**Material provided:**
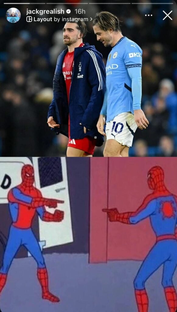 Grealish took to Instagram to share an image of the two talking after the game, accompanied by the famous ‘Spiderman meme.’
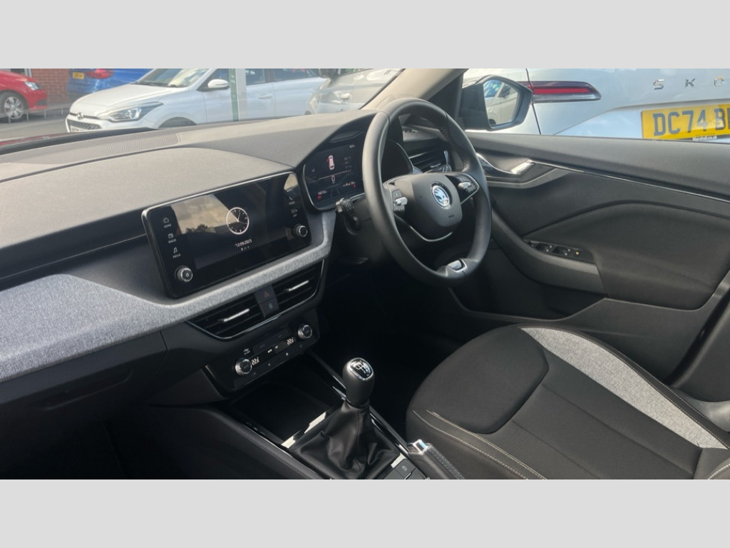 Bluetooth 8" Digital display, Advanced driver attention and drowsiness monitor, Bluetooth system, E-call, Front assist system, PAS, Rear parking sensors, Service indicator, Speed limiter, Traffic sign recognition, Wireless smartlink, 4 USB C ports, 8 Speakers, 8.25" Skoda infotainment display, DAB Digital radio, Auto dimming rear view mirror, Automatic headlight control with coming home and leaving home feature, Automatic headlights, Black roof rails, Body colour bumpers, Body colour door mirrors and handles, Chrome grille surround, Front and rear electric windows, Full LED headlights, Heated rear window, LED daytime running lights, LED front turning lights, LED high beam, LED low beam, LED third brake light, Rear side wing doors, Rear wiper, Ticket holder inside windscreen, 12V socket in luggage compartment, 3 seat bench in 2nd row, Black hotstamping, Cargo elements, Chrome inner door handles, Driver and passenger sun visors with vanity mirror, Dual zone climate control, Front and rear roof lights, Front centre armrest, Front head restraints, Glove compartment with illumination, Height adjustable driver seat, Height adjustable front passenger seat, Ice scraper, Inner circulation control with pollen filter, ISOFIX on front passenger seat, Isofix preparation for back seats, Krepp recycled decor inserts, Leather gearknob and handbrake lever, Loft cloth upholstery, Manual lumbar support for front seats, Net package and top tether hooks in boot space, Net under rear shelf, Overhead glasses storage compartment, Pocket on the back of both front seats include mobile phone pockets, Rake/reach adjustable steering wheel, Reading lights, Satin black door inserts, Single front passenger seat, Textile floor mats, Third rear headrest, Top tether for front passenger seat, Umbrella in driver's door, 3x3 point rear seatbelts, Airbags - driver and front passenger, Disc brakes, ESP, Extended and predictive pedestrian/cyclist protection, Front passenger airbag deactivation switch, Front side airbags with curtain airbags, Hill hold control, Manual leather parking brake, Manual rear child locks, One tone horn, Seatbelt reminder for driver an co-driver, Traction control, Tyre pressure monitor, Anti-theft alarm system with interior monitoring, backup horn, towing protection and remote central locking with SAFE system, Anti-theft wheel bolts, Electronic engine immobilizer
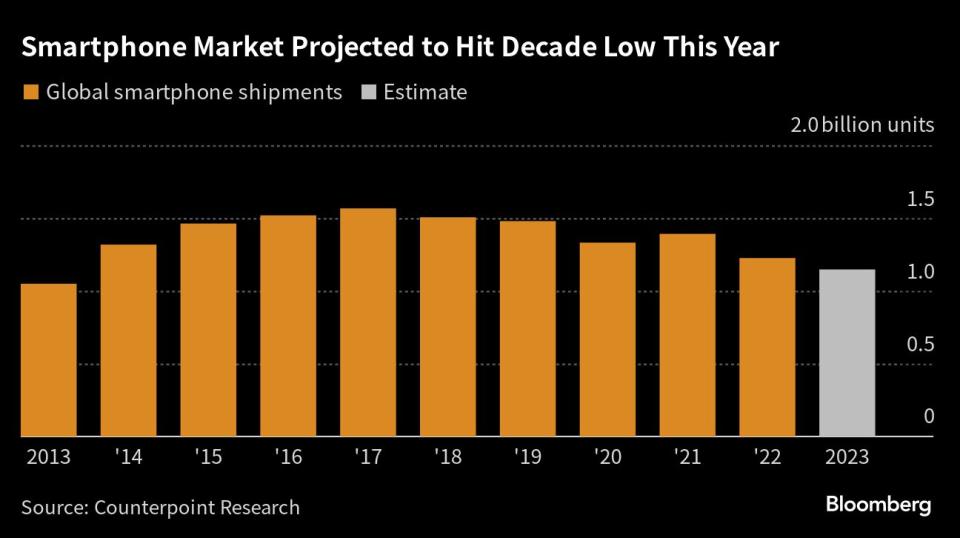 Counterpoint is predicting that the global smartphone market will again decline this year, hitting the lowest number of shipments in a decade.
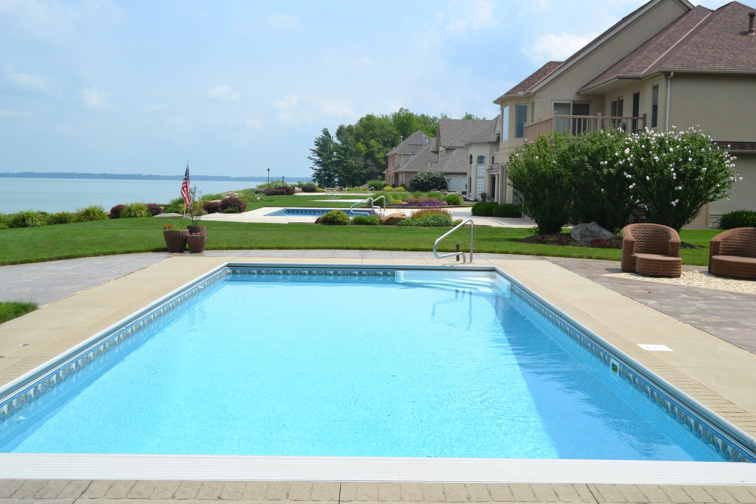 Viking pool with vanishing edge undertrack automatic cover with deck jets

**What the task asks:**
Omit the pictures and output all of the other material exactly.

**Answer to this exercise:**
 Grealish took to Instagram to share an image of the two talking after the game, accompanied by the famous ‘Spiderman meme.’
 Bluetooth 8" Digital display, Advanced driver attention and drowsiness monitor, Bluetooth system, E-call, Front assist system, PAS, Rear parking sensors, Service indicator, Speed limiter, Traffic sign recognition, Wireless smartlink, 4 USB C ports, 8 Speakers, 8.25" Skoda infotainment display, DAB Digital radio, Auto dimming rear view mirror, Automatic headlight control with coming home and leaving home feature, Automatic headlights, Black roof rails, Body colour bumpers, Body colour door mirrors and handles, Chrome grille surround, Front and rear electric windows, Full LED headlights, Heated rear window, LED daytime running lights, LED front turning lights, LED high beam, LED low beam, LED third brake light, Rear side wing doors, Rear wiper, Ticket holder inside windscreen, 12V socket in luggage compartment, 3 seat bench in 2nd row, Black hotstamping, Cargo elements, Chrome inner door handles, Driver and passenger sun visors with vanity mirror, Dual zone climate control, Front and rear roof lights, Front centre armrest, Front head restraints, Glove compartment with illumination, Height adjustable driver seat, Height adjustable front passenger seat, Ice scraper, Inner circulation control with pollen filter, ISOFIX on front passenger seat, Isofix preparation for back seats, Krepp recycled decor inserts, Leather gearknob and handbrake lever, Loft cloth upholstery, Manual lumbar support for front seats, Net package and top tether hooks in boot space, Net under rear shelf, Overhead glasses storage compartment, Pocket on the back of both front seats include mobile phone pockets, Rake/reach adjustable steering wheel, Reading lights, Satin black door inserts, Single front passenger seat, Textile floor mats, Third rear headrest, Top tether for front passenger seat, Umbrella in driver's door, 3x3 point rear seatbelts, Airbags - driver and front passenger, Disc brakes, ESP, Extended and predictive pedestrian/cyclist protection, Front passenger airbag deactivation switch, Front side airbags with curtain airbags, Hill hold control, Manual leather parking brake, Manual rear child locks, One tone horn, Seatbelt reminder for driver an co-driver, Traction control, Tyre pressure monitor, Anti-theft alarm system with interior monitoring, backup horn, towing protection and remote central locking with SAFE system, Anti-theft wheel bolts, Electronic engine immobilizer
 Counterpoint is predicting that the global smartphone market will again decline this year, hitting the lowest number of shipments in a decade.
 Viking pool with vanishing edge undertrack automatic cover with deck jets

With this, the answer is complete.